Bob also has a trait that puzzles me, though I also admire it. He reaches a point when he decides just to let a thing go, rather as a mother bird nudges her little birdies out of the nest so that they will learn to fly without her ongoing nurturance. He withdrew from the West London Psychotherapy Clinic long ago and sold the BJP to the BAP in 2006 and the Psychoanalysis and History journal to Edinburgh University Press in the same year. He never owned the therapeutic communities journal and gave up his last editorial role after six years in 1986. He left the Cassel Hospital after four years in 1997, well before he was expected to and at a time when his influence and leadership were making a big impact on that admirable institution’s standards and standing.


Then he took up the Professorship in Psychoanalytic Studies at Essex in 1997 from which he is now retiring. It is not for me to give an account of his twelve years of work here, but I will note that there were once more than half a dozen such centres (I was at the Sheffield one until I retired nine years ago), and now there are two Essex and University College, though Middlesex still offers a narrowly based MA but little else and the University of North London offers a number of related programmes and an MA jointly with the Tavistock Clinic. Only Essex still has a broad set of offerings of degrees, courses and research opportunities. Of course, this is significantly due to the initiative and leadership of Karl Figlio, but I don’t suppose that anyone will have any doubt about the shining beacon that Bob Hinshelwood has been.

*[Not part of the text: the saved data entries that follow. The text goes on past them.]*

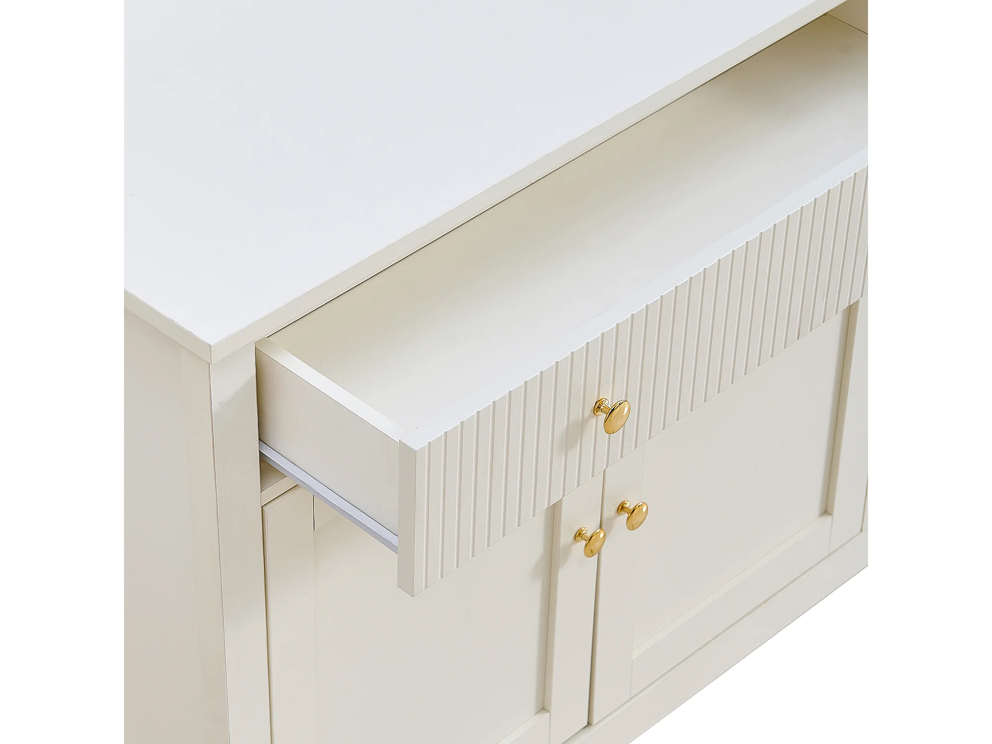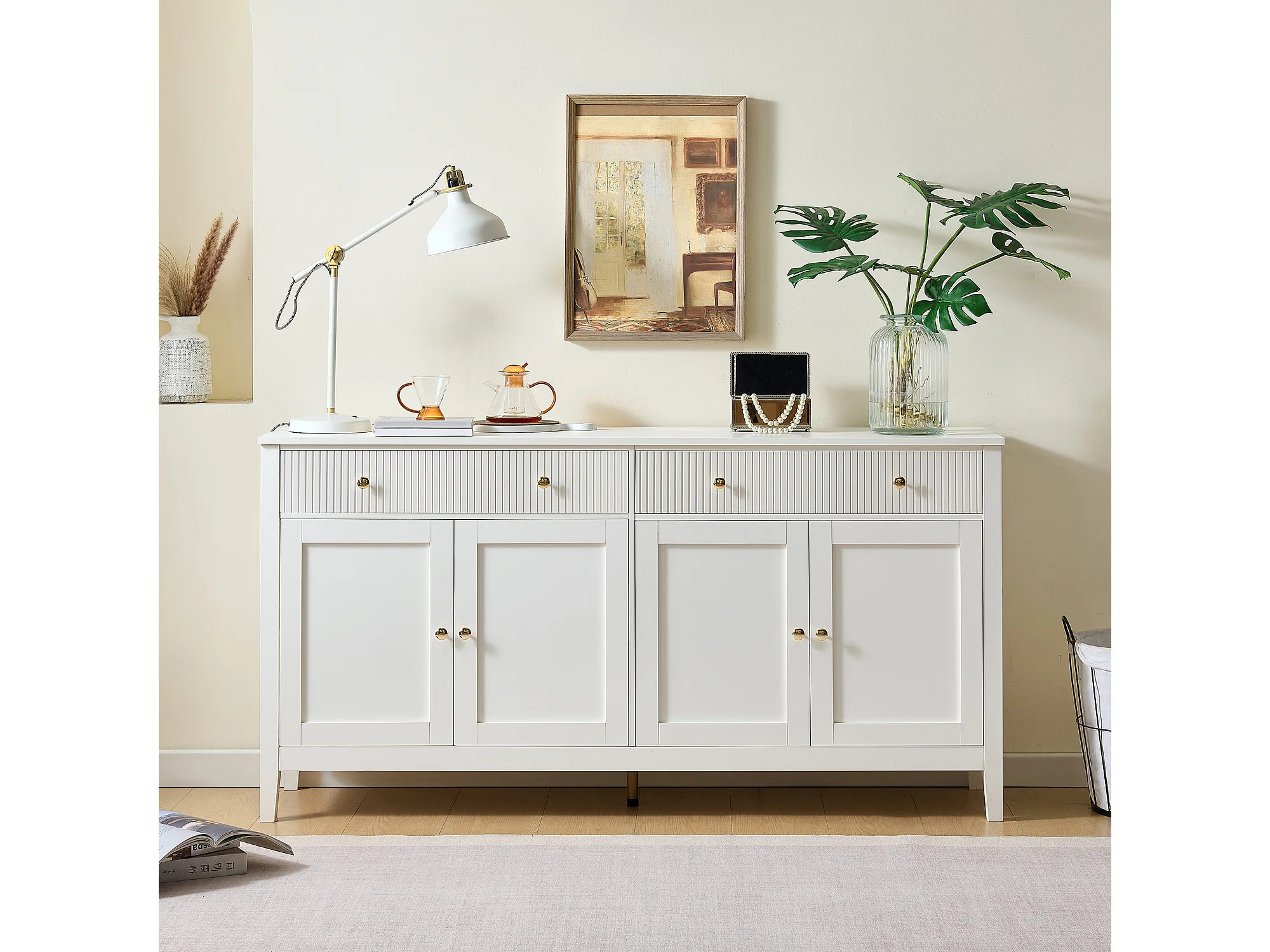 Buffet bianco con 4 ante, maniglie e piedi dorati – per soggiorno e sala da pranzo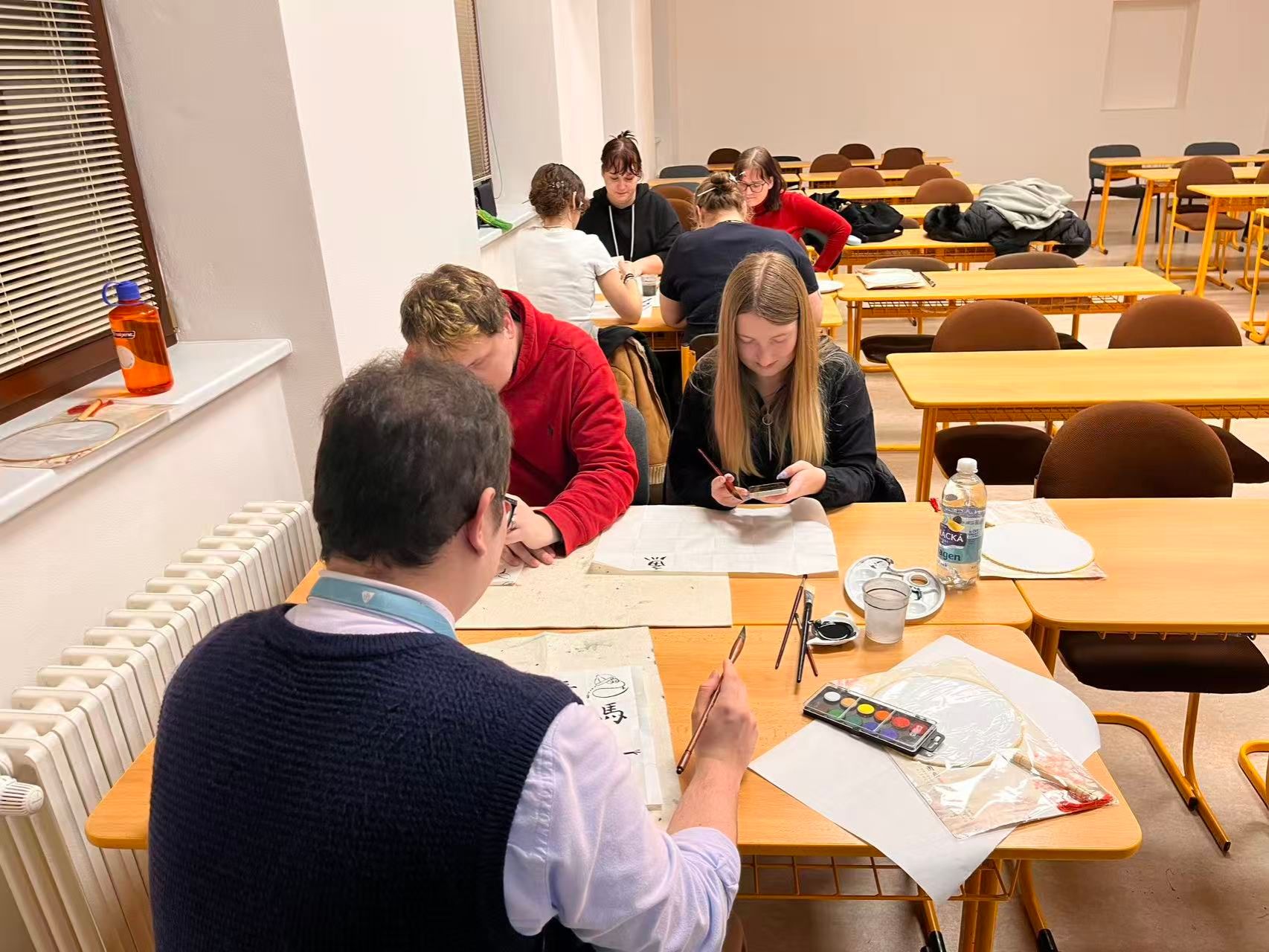 当地时间11月13日,奥洛穆茨孔子学院举行了秋季学期首次中捷双语角活动。本次双语角主题为“团缘绘梦、扇引清风”。
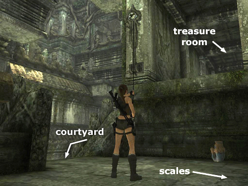 RIGHT ARM BALANCE PUZZLE: Go forward and step onto the raised platform that is part of a large balance scale. Lara's weight lowers the platform, operating a mechanism that lowers one of the Shiva statue's right arms.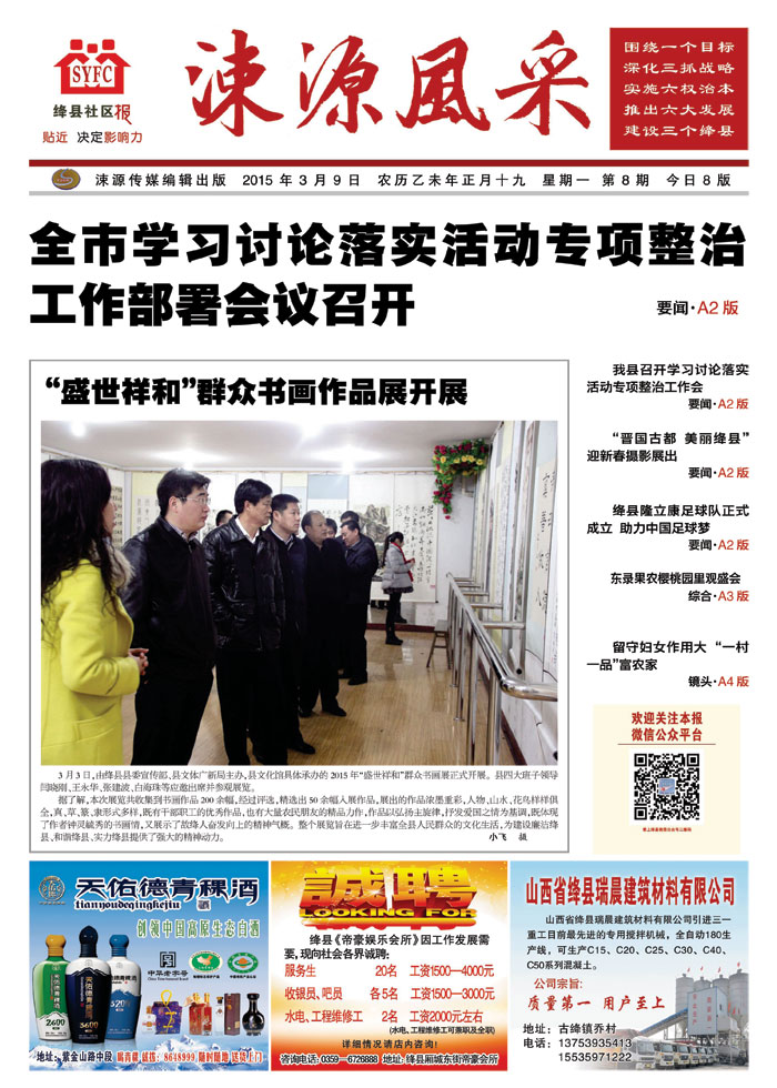 《涑源风采》绛县社区报 贴近,决定影响力 涑源传媒编辑出版 微信:suyuanfengcai 邮箱:sxjxsyb@126.com 电话:6523423
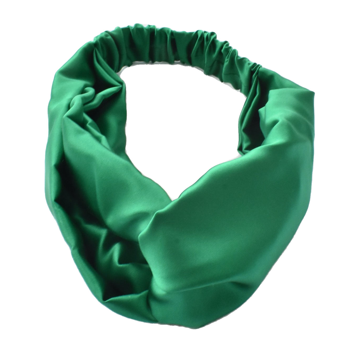Silk Twisted Turban hairband and neck scarf in Emerald Green Mulberry Silk - 100% pure silk satin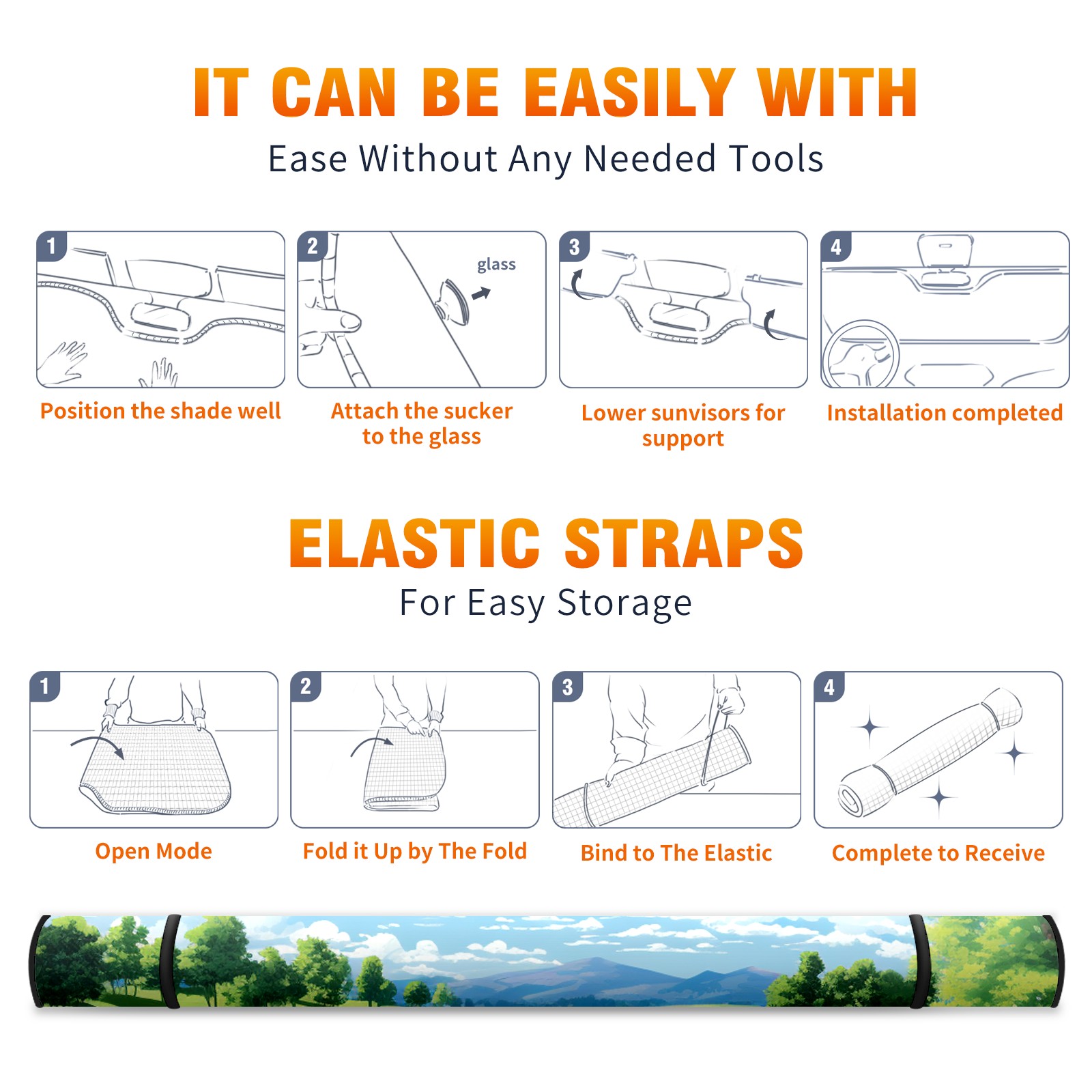 • Diameter /Size 63"L x 33.5"W Made from excellent materials which makes it sturdy and protects the car from the sun. Easy to use and pack. Makes the interior of the car cooler.You can easily stash the sunshade in the storage bag or store long term.It open and closes easy. Also the leather storage bag is durable and easy to put the umbrella back into.This windshield sunshade provides complete coverage and keeps your car interior cool under direct sun. It is easy to open and position under the windshield and around the rear-view mirror. Makes Your Car Easy To Identify, Perfect For Finding Your Car In Crowded Parking Lots And Garages.Great Choice: It Is A Great Gift For Dad, Boyfriend, Brother, Brother And Uncle, Friends, Classmates, Family And So On. Notice: Due To Difference Computer Monitors, The Color Maybe Slightly Different From Picture. As Different Measurement Methods, Measurement Data Will Float Within 2%.I Hope You Understand. If You Have Any Question About The Item Please Do Not Hesitate To Contact Us Immediately And We Will Give You A Satisfactory Reply Within 24 Hours.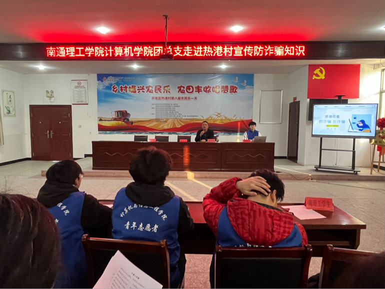 11月16日下午,我院团支部开展对接热港村防诈骗宣传活动,参加本次活动的有热港村党支部书记杭庆富、党支部副书记崔四荣,我院分团委书记周立、辅导员戴文鑫和所有的党员村民以及团支部代表。本次活动由网络2201班团支书杨晓星主持。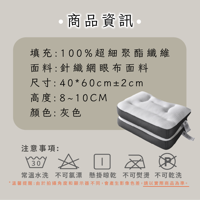 品名:【Pure Sleep】升級舒眠護頸反牽引枕芯填充物:100%超細聚酯纖維面料材質:針織網眼布適合族群:成年人、青少年尺寸:60*40*8~10CM重量:1.4kg產地:中國(台灣監製)進口商:茂榕數位科技有限公司地址:桃園市平鎮區廣東路57巷1號電話:0800-666865※此商品為睡眠使用之枕芯外布套僅供保護填充物,非供直接使用,不可拆卸使用時須另加枕頭套※注意! 枕芯屬於個人衛生用品,如經拆封或使用,概不接受退換貨,購買使用前請特別留意!※尺寸均為人工測量,若誤差在2CM以內純屬合理範圍,完美主義者請謹慎下單,最終請以實體為準。※商品為真空包裝,收到後若無法立刻成原狀,可以輕拍揉捏枕芯數下,再放置一下即會恢復原狀。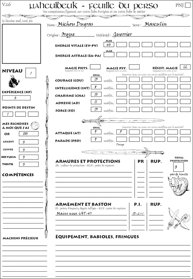 Fiche de personnage

I will, however, sum up his productivity. He has written or edited eleven books and two collections of influential papers from the 1920s and 1940s. There are 60 refereed articles, 23 non-refereed ones, 57 chapters in books, 32 book reviews and 85 invited papers and workshops abroad.  I confess that when I read his list of writings I emailed him as follows: ‘Yours is longer than mine’. Lazy sod.


And then there’s all that mentoring. If my experience of that is anything to go by, and I am sure that it is, the list must be long and must reflect much heartfelt appreciation for his time, his acumen, his midwifery and his generosity of spirit.


Bob and I have had disagreements, sometimes sharp ones, and my overall view of psychoanalytic practice, theory and institutions is currently baleful, not least because of quite a lot of people’s penchant for letting comfort and career come before principles and politics. Moreover, I have several times and especially recently found people in positions of leadership behaving in appalling ways. Of course, it was ever so, but I once hoped that in this, of all professions, it would be less so. Please don’t think that I see him as serenely and stoically above all the muck of professional and academic politics. I do not. However, when I reflect on the variety of experiences I have had with Bob Hinshelwood I conclude that his role in my life and my profession has been almost completely admirable and often inspiring. I feel privileged to honor him here today.